= Beginning of Section =

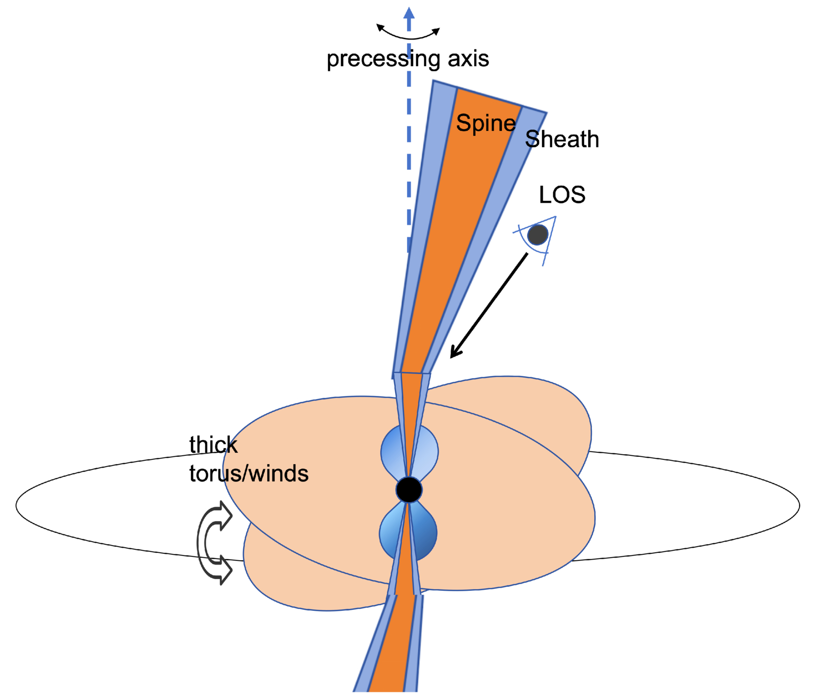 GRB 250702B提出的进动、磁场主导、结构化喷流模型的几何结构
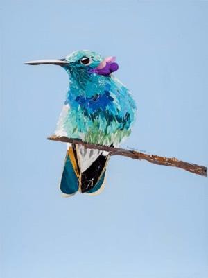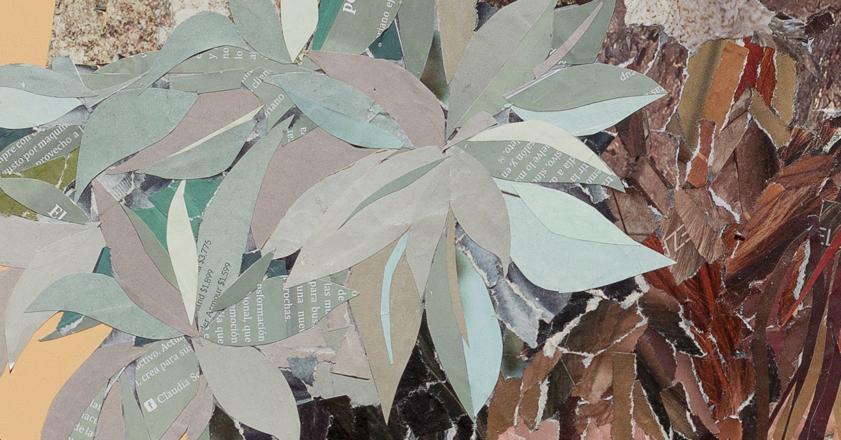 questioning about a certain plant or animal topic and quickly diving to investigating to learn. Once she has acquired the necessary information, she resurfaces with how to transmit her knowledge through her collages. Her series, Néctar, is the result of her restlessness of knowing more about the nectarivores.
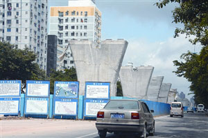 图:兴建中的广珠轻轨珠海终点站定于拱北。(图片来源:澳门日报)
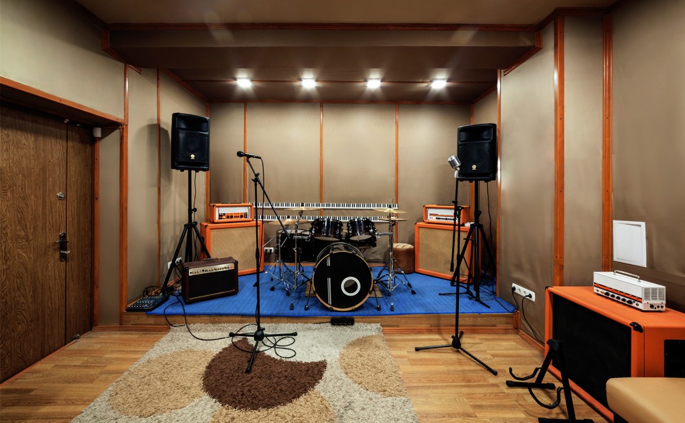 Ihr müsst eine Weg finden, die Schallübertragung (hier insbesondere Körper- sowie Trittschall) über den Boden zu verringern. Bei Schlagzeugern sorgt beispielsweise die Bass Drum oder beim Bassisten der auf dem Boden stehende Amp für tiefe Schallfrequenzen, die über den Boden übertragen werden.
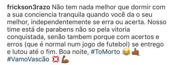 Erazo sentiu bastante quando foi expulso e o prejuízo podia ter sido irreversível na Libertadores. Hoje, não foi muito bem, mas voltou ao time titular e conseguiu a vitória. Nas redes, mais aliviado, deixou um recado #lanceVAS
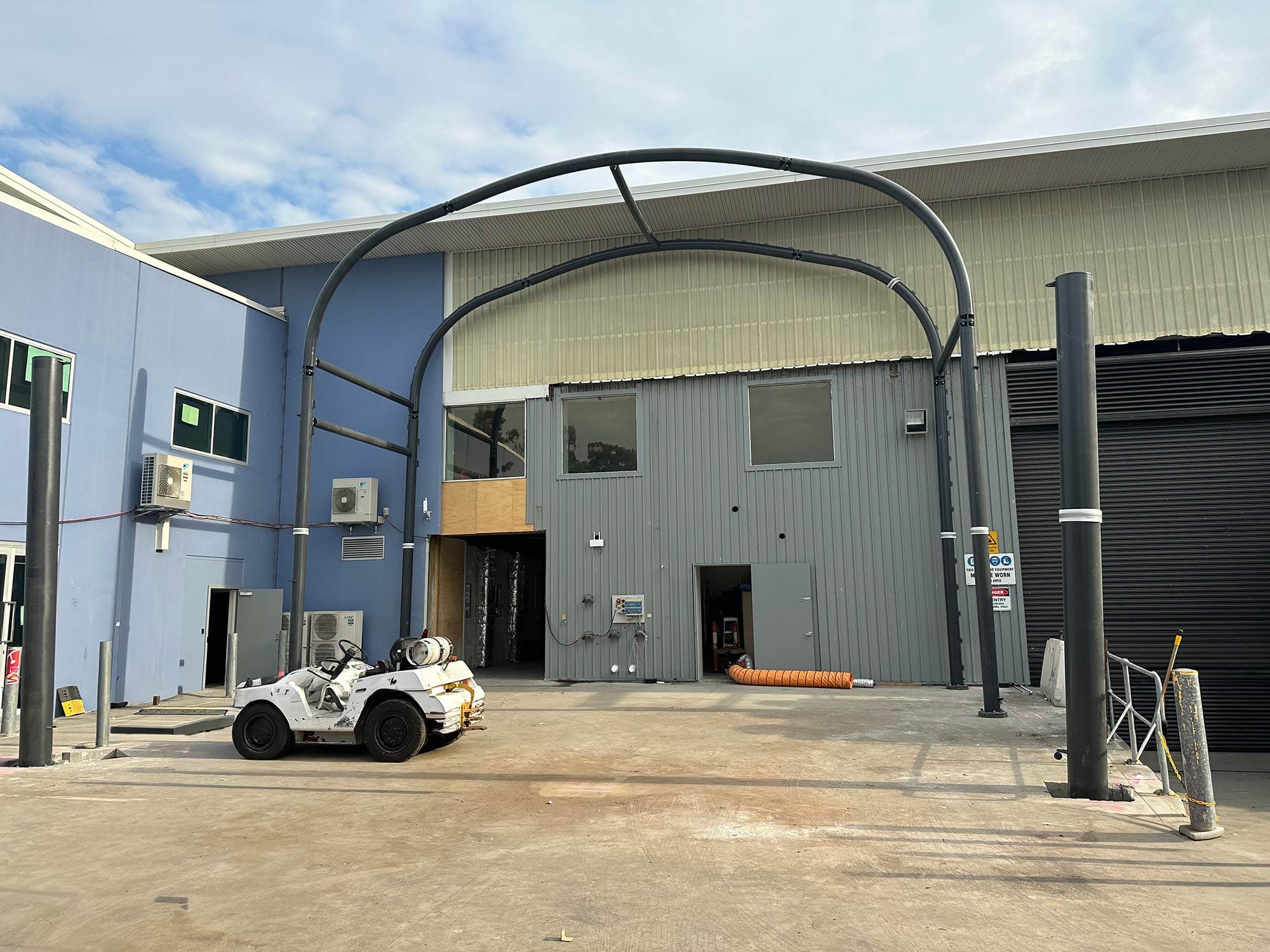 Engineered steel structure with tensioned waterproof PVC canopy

= End of Section =
= Beginning of Section =

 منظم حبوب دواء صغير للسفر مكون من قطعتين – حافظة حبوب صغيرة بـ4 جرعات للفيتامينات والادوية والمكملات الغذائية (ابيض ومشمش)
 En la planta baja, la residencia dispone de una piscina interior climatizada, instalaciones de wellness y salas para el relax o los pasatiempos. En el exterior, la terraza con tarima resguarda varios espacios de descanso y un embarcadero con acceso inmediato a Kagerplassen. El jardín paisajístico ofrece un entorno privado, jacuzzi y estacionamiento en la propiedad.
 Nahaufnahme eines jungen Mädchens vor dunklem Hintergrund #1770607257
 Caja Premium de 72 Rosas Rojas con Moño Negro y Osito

= End of Section =
= Beginning of Section =

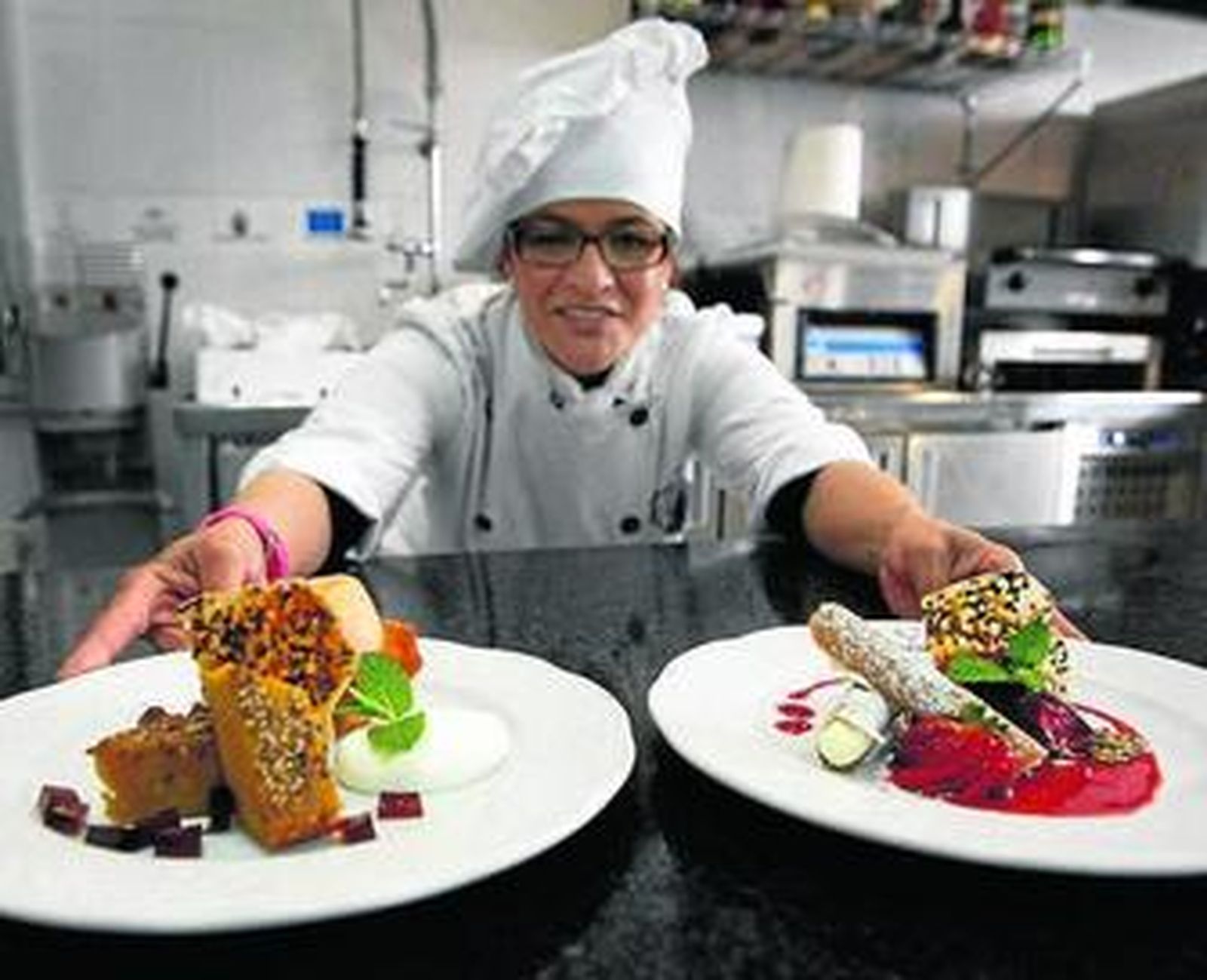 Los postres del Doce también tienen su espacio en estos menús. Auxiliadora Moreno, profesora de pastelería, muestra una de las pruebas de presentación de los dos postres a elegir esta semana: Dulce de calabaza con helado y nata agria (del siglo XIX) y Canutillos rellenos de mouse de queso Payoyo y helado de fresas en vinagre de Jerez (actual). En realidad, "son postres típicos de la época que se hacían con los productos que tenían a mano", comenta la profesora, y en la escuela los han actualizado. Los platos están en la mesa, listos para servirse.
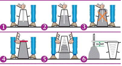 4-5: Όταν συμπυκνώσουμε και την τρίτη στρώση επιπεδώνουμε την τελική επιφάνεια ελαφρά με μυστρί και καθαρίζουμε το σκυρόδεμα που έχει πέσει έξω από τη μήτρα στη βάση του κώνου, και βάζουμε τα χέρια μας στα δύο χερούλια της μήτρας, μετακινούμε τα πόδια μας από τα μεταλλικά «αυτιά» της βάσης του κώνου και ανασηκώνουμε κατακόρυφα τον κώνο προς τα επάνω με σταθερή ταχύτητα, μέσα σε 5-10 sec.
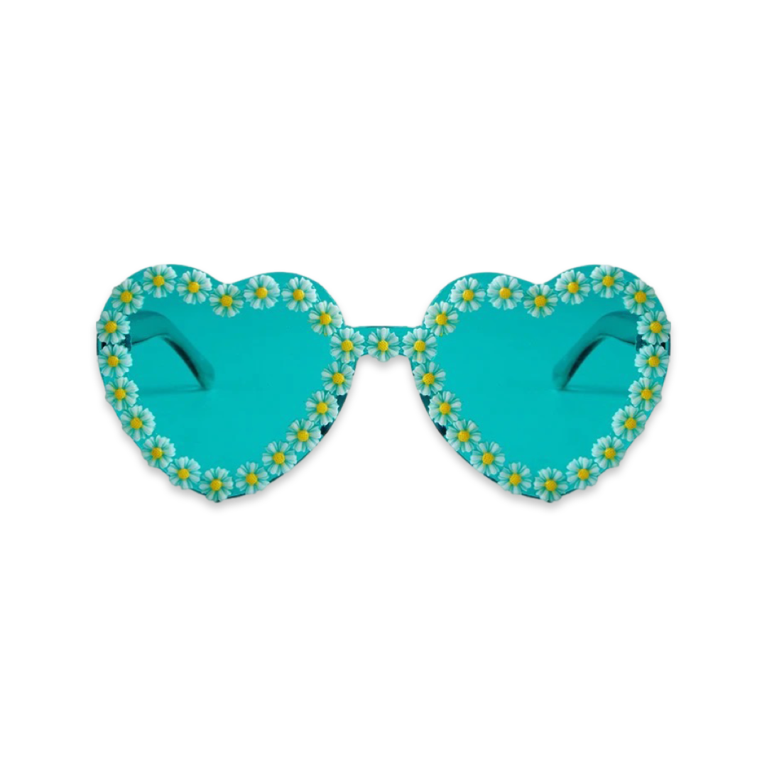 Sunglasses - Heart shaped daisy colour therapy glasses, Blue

= End of Section =

▸ **What you will do**: Referring to the material above, set down exactly the lines between the line with "Nahaufnahme eines jungen" and the line with "Caja Premium de", inclusive, and no other lines.

▸ **Task answer**:
 Nahaufnahme eines jungen Mädchens vor dunklem Hintergrund #1770607257
 Caja Premium de 72 Rosas Rojas con Moño Negro y Osito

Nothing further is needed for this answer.